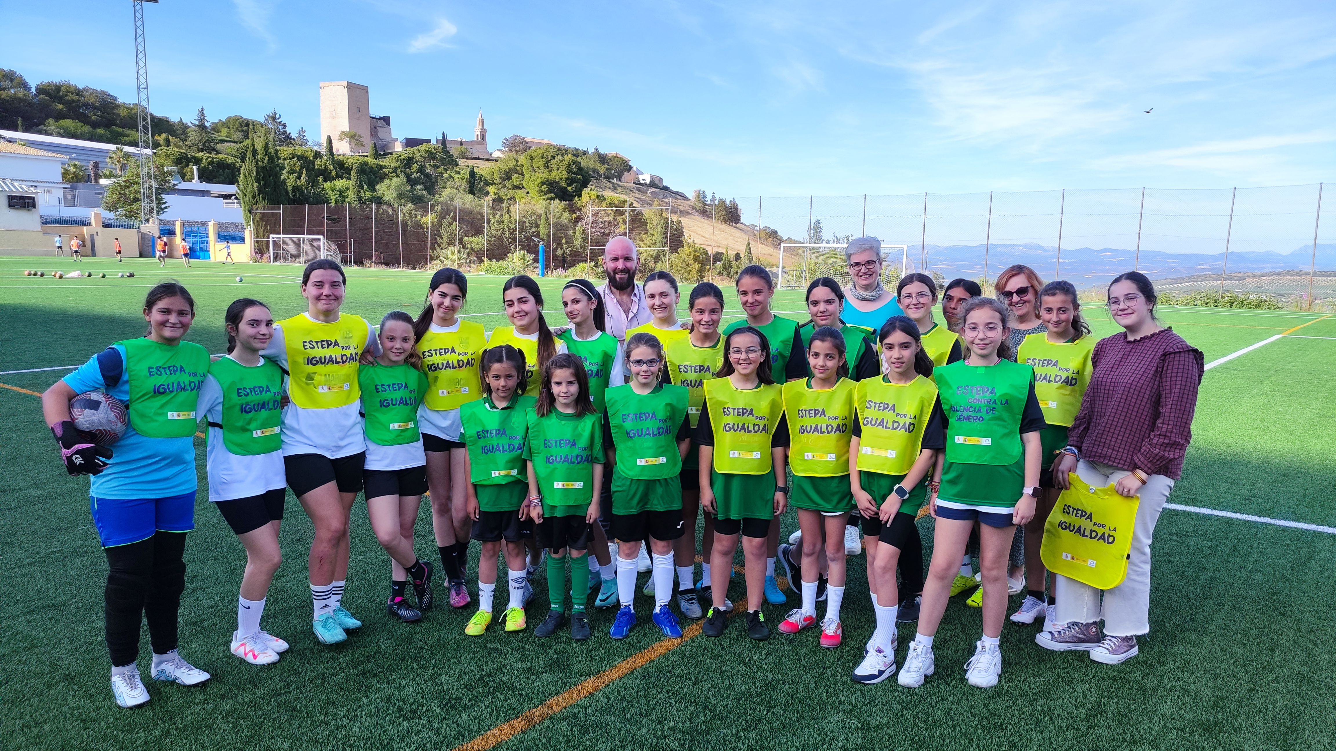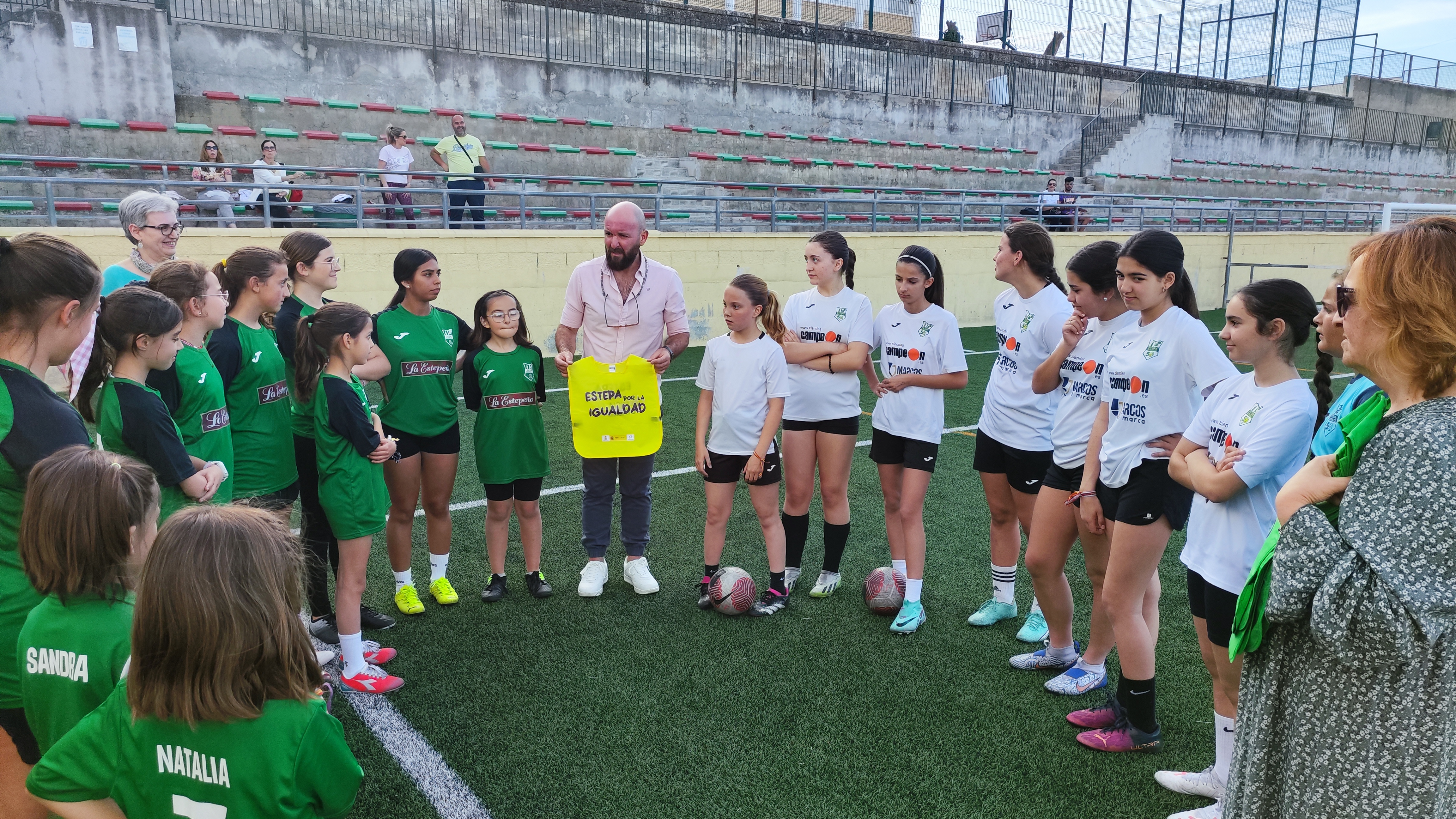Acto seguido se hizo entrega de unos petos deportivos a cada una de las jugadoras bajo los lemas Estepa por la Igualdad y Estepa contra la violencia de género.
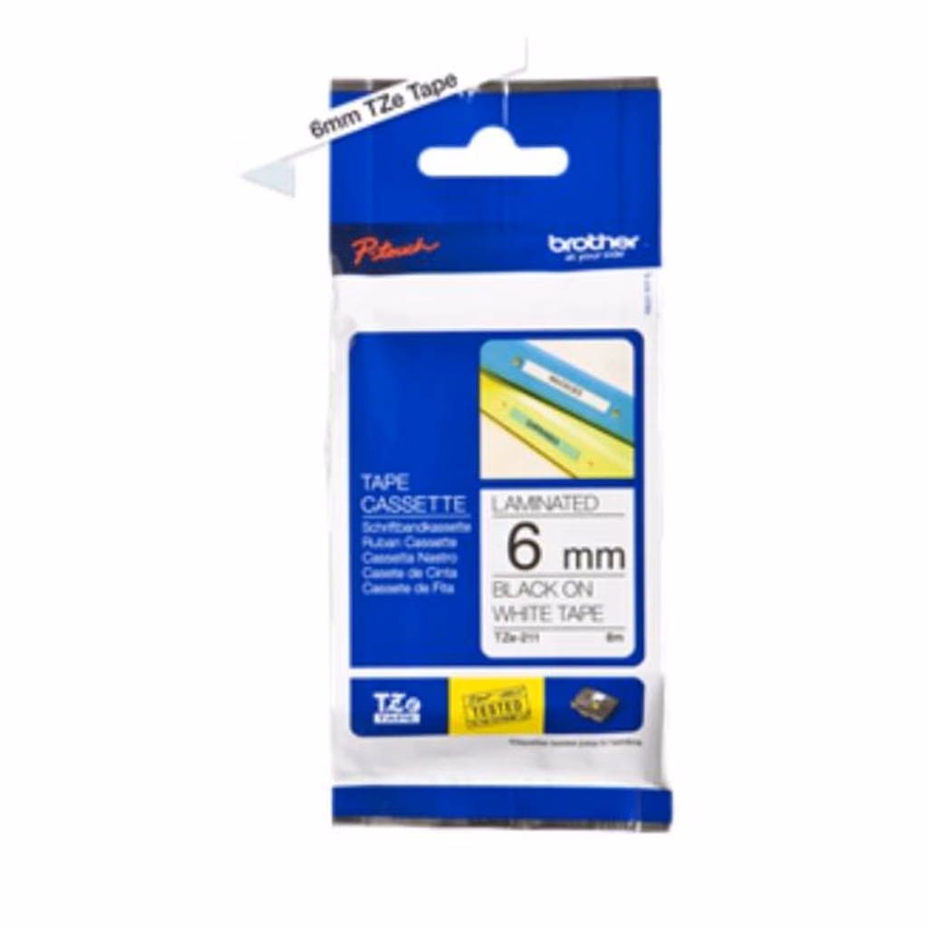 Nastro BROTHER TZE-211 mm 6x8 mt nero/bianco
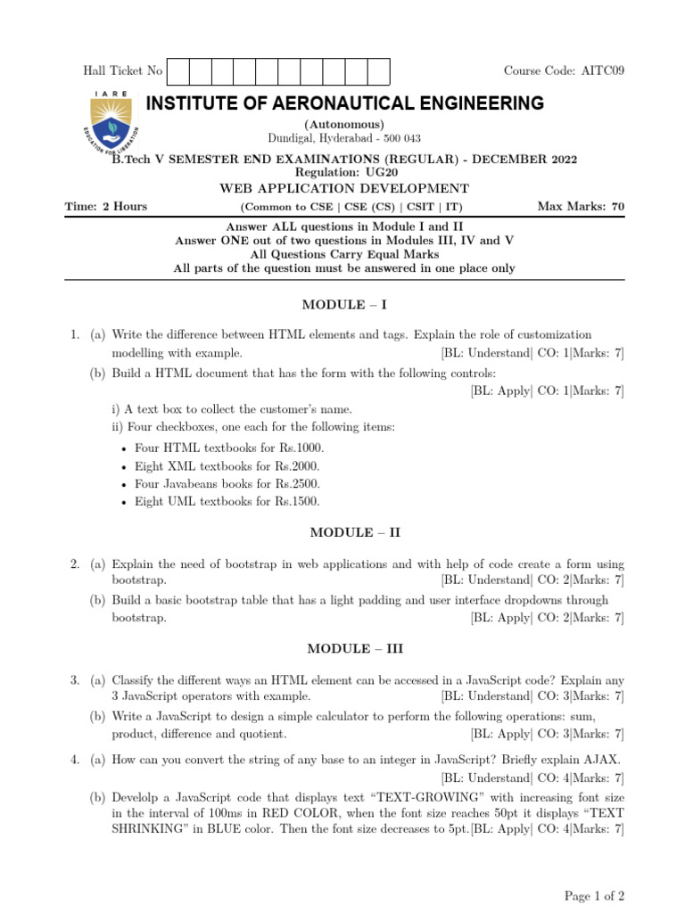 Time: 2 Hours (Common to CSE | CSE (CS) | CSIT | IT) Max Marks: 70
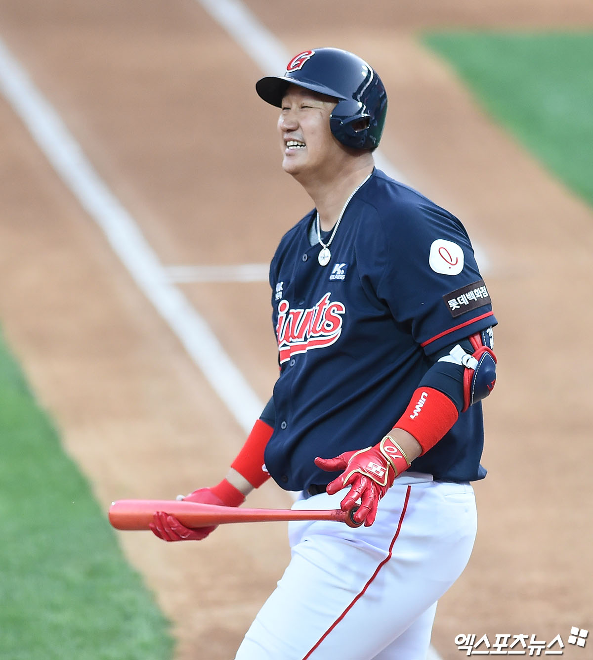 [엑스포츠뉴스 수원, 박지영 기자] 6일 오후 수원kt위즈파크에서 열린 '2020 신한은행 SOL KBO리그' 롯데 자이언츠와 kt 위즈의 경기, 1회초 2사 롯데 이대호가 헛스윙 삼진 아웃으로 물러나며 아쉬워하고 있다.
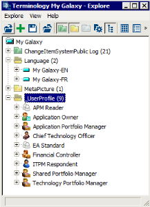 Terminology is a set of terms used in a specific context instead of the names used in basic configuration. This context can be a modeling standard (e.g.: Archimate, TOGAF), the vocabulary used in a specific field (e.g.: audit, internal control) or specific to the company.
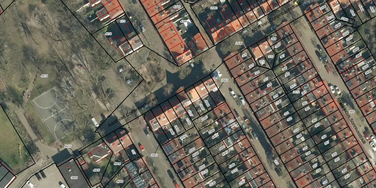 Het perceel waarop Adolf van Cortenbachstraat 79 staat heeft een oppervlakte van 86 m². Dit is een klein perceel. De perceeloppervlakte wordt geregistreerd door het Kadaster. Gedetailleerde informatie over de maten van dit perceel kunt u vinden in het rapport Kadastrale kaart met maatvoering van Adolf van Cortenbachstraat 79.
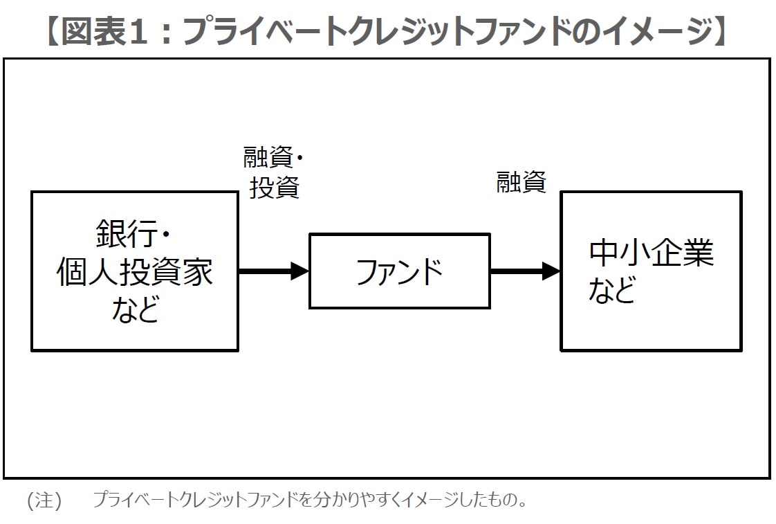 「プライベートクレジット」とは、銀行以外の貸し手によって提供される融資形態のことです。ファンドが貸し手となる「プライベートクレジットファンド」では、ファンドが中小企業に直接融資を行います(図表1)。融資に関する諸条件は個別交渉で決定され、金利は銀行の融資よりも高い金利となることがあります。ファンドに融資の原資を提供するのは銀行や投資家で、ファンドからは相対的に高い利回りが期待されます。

☆ ☆ ☆

Please reproduce the entries from above exactly; images are not part of the copy.

Acto seguido se hizo entrega de unos petos deportivos a cada una de las jugadoras bajo los lemas Estepa por la Igualdad y Estepa contra la violencia de género.
 Nastro BROTHER TZE-211 mm 6x8 mt nero/bianco
 Time: 2 Hours (Common to CSE | CSE (CS) | CSIT | IT) Max Marks: 70
 [엑스포츠뉴스 수원, 박지영 기자] 6일 오후 수원kt위즈파크에서 열린 '2020 신한은행 SOL KBO리그' 롯데 자이언츠와 kt 위즈의 경기, 1회초 2사 롯데 이대호가 헛스윙 삼진 아웃으로 물러나며 아쉬워하고 있다.
 Terminology is a set of terms used in a specific context instead of the names used in basic configuration. This context can be a modeling standard (e.g.: Archimate, TOGAF), the vocabulary used in a specific field (e.g.: audit, internal control) or specific to the company.
 Het perceel waarop Adolf van Cortenbachstraat 79 staat heeft een oppervlakte van 86 m². Dit is een klein perceel. De perceeloppervlakte wordt geregistreerd door het Kadaster. Gedetailleerde informatie over de maten van dit perceel kunt u vinden in het rapport Kadastrale kaart met maatvoering van Adolf van Cortenbachstraat 79.
 「プライベートクレジット」とは、銀行以外の貸し手によって提供される融資形態のことです。ファンドが貸し手となる「プライベートクレジットファンド」では、ファンドが中小企業に直接融資を行います(図表1)。融資に関する諸条件は個別交渉で決定され、金利は銀行の融資よりも高い金利となることがあります。ファンドに融資の原資を提供するのは銀行や投資家で、ファンドからは相対的に高い利回りが期待されます。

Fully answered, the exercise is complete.